What to produce:
All of the data must be output exactly, with every picture left out.

START Data records

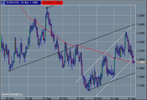 В продолжение опубликованных в недавнем времени комментариев, мы продолжим изучать техническую картину в паре евро/доллар, но теперь уже на графике дневного временного интервала. Сразу стоит обратить внимание на то, что цены в понедельник предпринимали попытку преодоления 100-дневной скользящей средней линии, но ниже ее уровня закрытие не состоялось. Курс пары консолидируется в области текущего значения средней, которая в настоящий момент представляет самую сильную поддержку для евро. При этом нужно констатировать, что восходящий коррекционный канал явно пробит, поскольку закрытие торгов в понедельник явно произошло ниже белой линии канала. Для определения цели роста американской валюты мы воспользуется вилами Эндрюса, которые часто применяем, изучая техническую картину в данной паре, поскольку именно на дневных графиках евро/доллара они, как показывается статистика, крайне эффективны. Несостоявшееся тестирование медианы (средняя черная линия) и пробитие бычьего коррекционного канала сообщают нам цель на 118.25/50, где находится текущее значение нижней линии вил Эндрюса. Однако пока, рассматривая цели роста доллара, необходимо делать поправку на 100-дневную скользящую среднюю. Так как она не преодолена, картина роста американской валюты является незавершенной. Михаил Шульгин ProFinance.Ru - Forex News / Новости Форекс
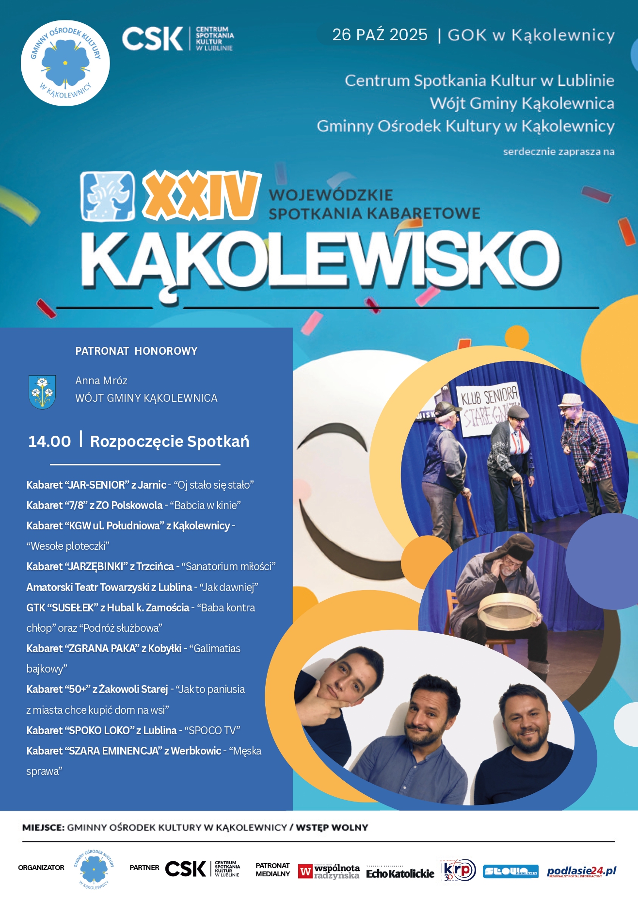 Czeka nas mnóstwa śmiechu, barwnych postaci i zabawnych skeczy ukazujących życie codzienne z przymrużeniem oka. Wszystko to podczas Kąkolewiska, czyli XXIV Wojewódzkich Spotkań Kabaretowych, które odbędą się w Gminnym Ośrodku Kultury w Kąkolewnicy. Wydarzeniu patronuje Katolickie Radio Podlasie oraz portal Podlasie24.
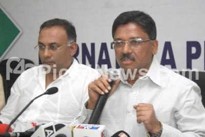 Photo Caption : KPCC Working President Dinesh Gundu Rao and Congress Leader Ugrappa addressing press conference at KPCC, in Bengaluru on Monday 25th December 2017
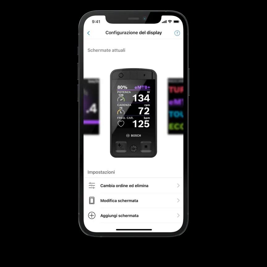 Nelle impostazioni dell’app eBike Flow puoi usare la funzione “Configurazione del display” per aggiungere contenuti come sempre, modificare o eliminare schermate e determinarne la sequenza e la disposizione.
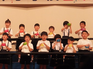 さらに、4年生と6年生が、音楽の時間に練習した曲の合奏を発表しました。
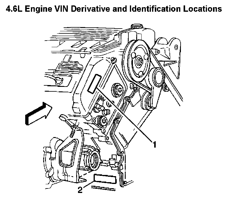 The engine ID number will be located on the front of RH rocker cover or the RH side of oil pan rail (1), and the VIN derivative is located on the engine block in front of the transaxle extension (2).
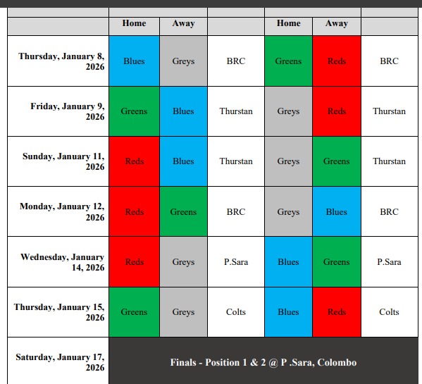 මේ සමඟ ජනවාරි 8 වන දා සිට 17 වන දා දක්වා තරග පැවත්වෙන තරග කාල සටහන දක්වා ඇති අතර එහිදී එම කණ්ඩායම් තරග වඳින ආකාරය මෙන්ම තරග වඳින ස්ථානය ද දක්වා තිබෙනවා.
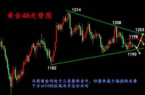技術面上,日線繼續收于十字,目前在布林線中軌附近徘徊,KDJ死叉,MACD金叉,后市走勢仍存較大的變數,關注區間的破位情況,而短周期4小時上黃金本周一直處于布林中下軌運行,而布林走平也是宣告了震蕩的走勢,而早間價格下探1193附近企穩反彈,與之前下探的位置構建了1190-93區域強力的支撐帶,接下來行情就像中軌1198一線進發,只要突破此位行情才有可能重回千二上方,同時這一線也是小時線上軌壓制,要想一下突破還比較艱難,畢竟小時布林還未張口,所以對于后市黃金交易來說就比較簡單,歐盤反彈不突破1198,依然采取高空的策略不變,方向對了不怕路遠,耐心加持久勝過激情與狂熱!1198下持空看跌,若突破1198我將放棄做空,機會靠自己爭取,行情需自己把握,成功不一定有捷徑,但一定有方法。
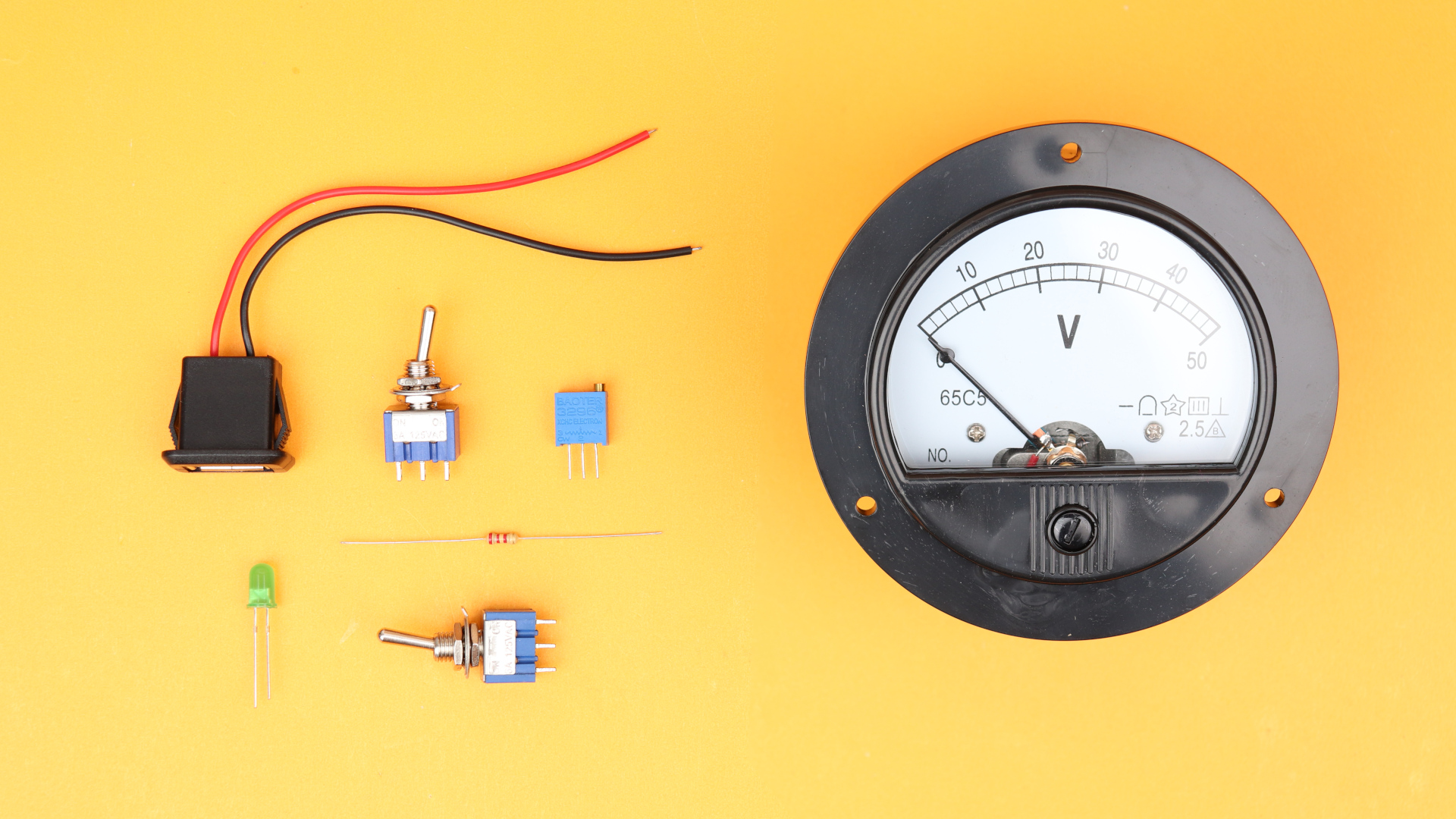 - Finally: the panel meter. And don't worry if you cannot get this exact one here, I will show you in detail how you can make it work with just about any panel meter you can get your hands on.

END Data records

Solution for this exercise:
 В продолжение опубликованных в недавнем времени комментариев, мы продолжим изучать техническую картину в паре евро/доллар, но теперь уже на графике дневного временного интервала. Сразу стоит обратить внимание на то, что цены в понедельник предпринимали попытку преодоления 100-дневной скользящей средней линии, но ниже ее уровня закрытие не состоялось. Курс пары консолидируется в области текущего значения средней, которая в настоящий момент представляет самую сильную поддержку для евро. При этом нужно констатировать, что восходящий коррекционный канал явно пробит, поскольку закрытие торгов в понедельник явно произошло ниже белой линии канала. Для определения цели роста американской валюты мы воспользуется вилами Эндрюса, которые часто применяем, изучая техническую картину в данной паре, поскольку именно на дневных графиках евро/доллара они, как показывается статистика, крайне эффективны. Несостоявшееся тестирование медианы (средняя черная линия) и пробитие бычьего коррекционного канала сообщают нам цель на 118.25/50, где находится текущее значение нижней линии вил Эндрюса. Однако пока, рассматривая цели роста доллара, необходимо делать поправку на 100-дневную скользящую среднюю. Так как она не преодолена, картина роста американской валюты является незавершенной. Михаил Шульгин ProFinance.Ru - Forex News / Новости Форекс
 Czeka nas mnóstwa śmiechu, barwnych postaci i zabawnych skeczy ukazujących życie codzienne z przymrużeniem oka. Wszystko to podczas Kąkolewiska, czyli XXIV Wojewódzkich Spotkań Kabaretowych, które odbędą się w Gminnym Ośrodku Kultury w Kąkolewnicy. Wydarzeniu patronuje Katolickie Radio Podlasie oraz portal Podlasie24.
 Photo Caption : KPCC Working President Dinesh Gundu Rao and Congress Leader Ugrappa addressing press conference at KPCC, in Bengaluru on Monday 25th December 2017
 Nelle impostazioni dell’app eBike Flow puoi usare la funzione “Configurazione del display” per aggiungere contenuti come sempre, modificare o eliminare schermate e determinarne la sequenza e la disposizione.
 さらに、4年生と6年生が、音楽の時間に練習した曲の合奏を発表しました。
 The engine ID number will be located on the front of RH rocker cover or the RH side of oil pan rail (1), and the VIN derivative is located on the engine block in front of the transaxle extension (2).
 මේ සමඟ ජනවාරි 8 වන දා සිට 17 වන දා දක්වා තරග පැවත්වෙන තරග කාල සටහන දක්වා ඇති අතර එහිදී එම කණ්ඩායම් තරග වඳින ආකාරය මෙන්ම තරග වඳින ස්ථානය ද දක්වා තිබෙනවා.
技術面上,日線繼續收于十字,目前在布林線中軌附近徘徊,KDJ死叉,MACD金叉,后市走勢仍存較大的變數,關注區間的破位情況,而短周期4小時上黃金本周一直處于布林中下軌運行,而布林走平也是宣告了震蕩的走勢,而早間價格下探1193附近企穩反彈,與之前下探的位置構建了1190-93區域強力的支撐帶,接下來行情就像中軌1198一線進發,只要突破此位行情才有可能重回千二上方,同時這一線也是小時線上軌壓制,要想一下突破還比較艱難,畢竟小時布林還未張口,所以對于后市黃金交易來說就比較簡單,歐盤反彈不突破1198,依然采取高空的策略不變,方向對了不怕路遠,耐心加持久勝過激情與狂熱!1198下持空看跌,若突破1198我將放棄做空,機會靠自己爭取,行情需自己把握,成功不一定有捷徑,但一定有方法。
 - Finally: the panel meter. And don't worry if you cannot get this exact one here, I will show you in detail how you can make it work with just about any panel meter you can get your hands on.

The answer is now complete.